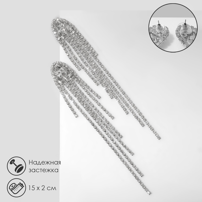 Серьги висячие со стразами «Голливуд» нити на кристаллах, цвет белый в серебре, 15 см
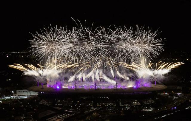 ↑在闭幕式上,运动员欣赏烟花表演。新华社记者 李明 摄
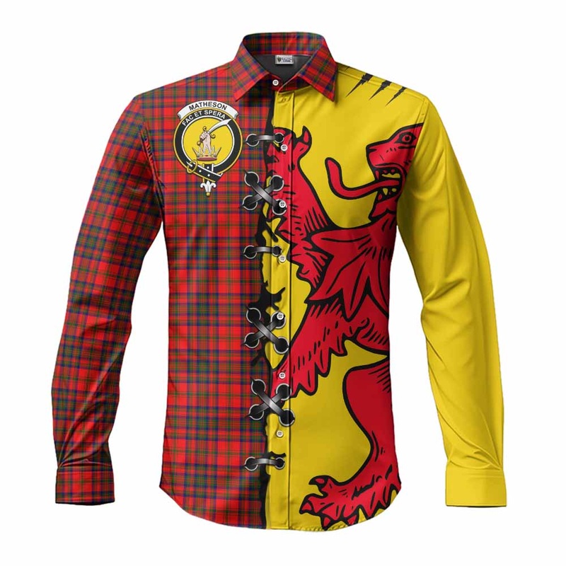 Matheson Tartan Family Crest Long Sleeve Button Shirts Lion Rampant Honor
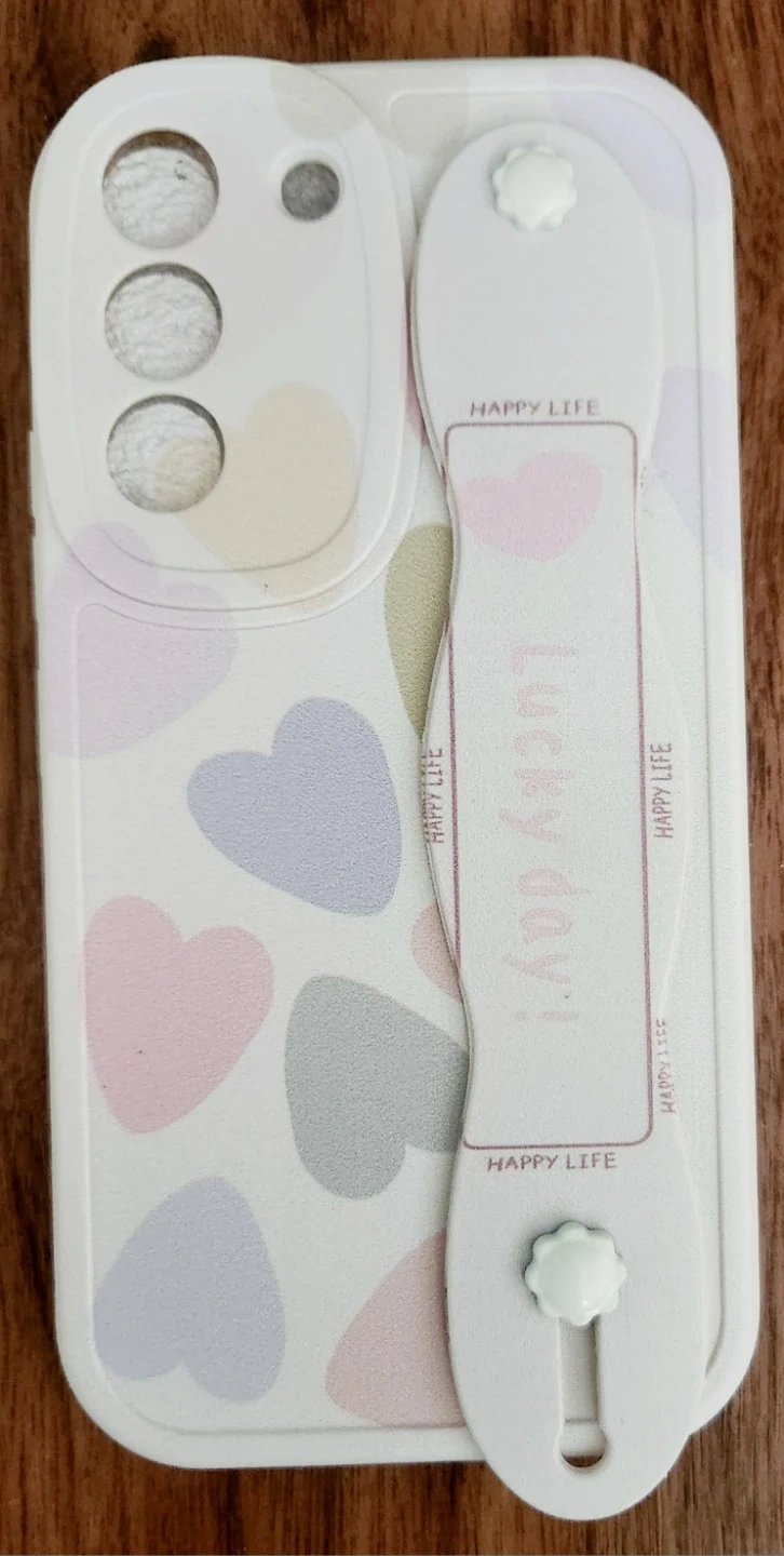 Cute phone case with a heart pattern design and a convenient strap for a secure grip! It says "Happy Life" and "Lucky day" on the strap. (Samsung S22)
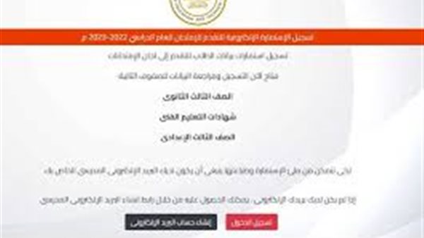 ونبهت الوزارة إلى ضرورة الاحتفاظ بالبريد الإلكتروني وكلمة المرور، حيث يتم استخدامهما في الخطوات التالية الخاصة بتسجيل الاستمارة.
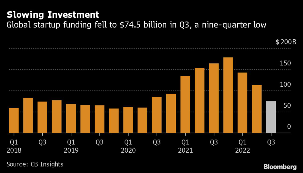 Global venture funding slumped to $74.5 billion in the past three months, its lowest level in nine quarters, according to CB Insights. That represents a 34% quarterly drop, the biggest in a decade.
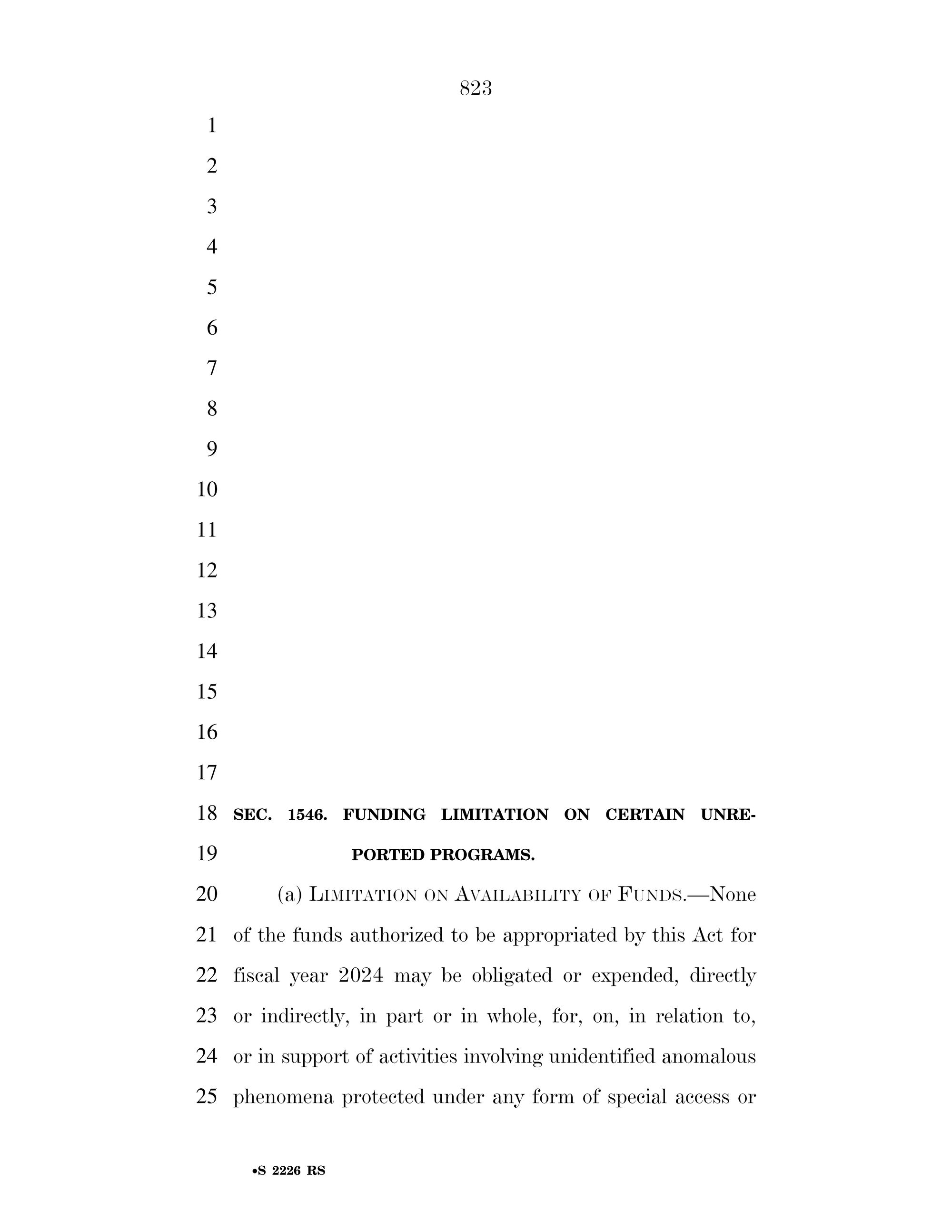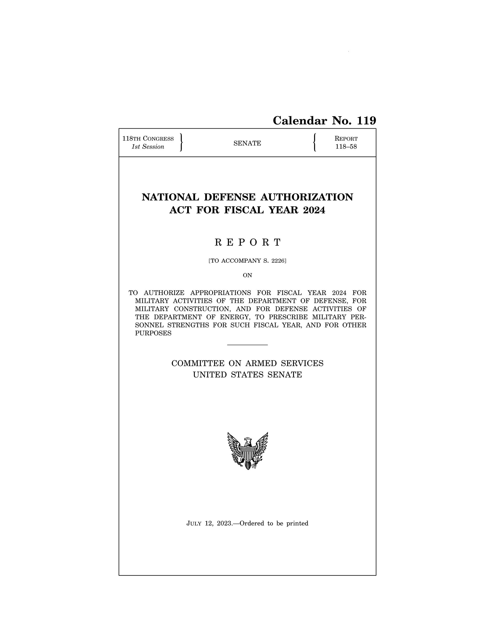 [UPDATES (July 13 and July 21, 2023): The Senate Armed Services Committee formally reported its version of NDAA (S. 2226) on July 11, 2023, making the bill text publicly available. The UAP-related provisions of S. 2226, of which Sen. Gillibrand was the leading advocate, are similar, but not identical, to those found in the IAA (S. 2103). Some of these differences might reflect substantial jurisdictional or policy differences among lawmakers, but some might also merely be reflections of minor technical issues that will be smoothed out and integrated at later stages in the legislative process. The UAP-related provisions of S. 2226 (Sec. 1546, pages 823-828) are embedded as a PDF file below. The pertinent pages are also inserted as images at the end of this article.

## [YOUR OBJECTIVE]
Starting at the first line of the records and stopping after the line with "Global venture funding", copy each line exactly; pictures stay out.

## [ANSWER]
 Серьги висячие со стразами «Голливуд» нити на кристаллах, цвет белый в серебре, 15 см
 ↑在闭幕式上,运动员欣赏烟花表演。新华社记者 李明 摄
 Matheson Tartan Family Crest Long Sleeve Button Shirts Lion Rampant Honor
 Cute phone case with a heart pattern design and a convenient strap for a secure grip! It says "Happy Life" and "Lucky day" on the strap. (Samsung S22)
 ونبهت الوزارة إلى ضرورة الاحتفاظ بالبريد الإلكتروني وكلمة المرور، حيث يتم استخدامهما في الخطوات التالية الخاصة بتسجيل الاستمارة.
 Global venture funding slumped to $74.5 billion in the past three months, its lowest level in nine quarters, according to CB Insights. That represents a 34% quarterly drop, the biggest in a decade.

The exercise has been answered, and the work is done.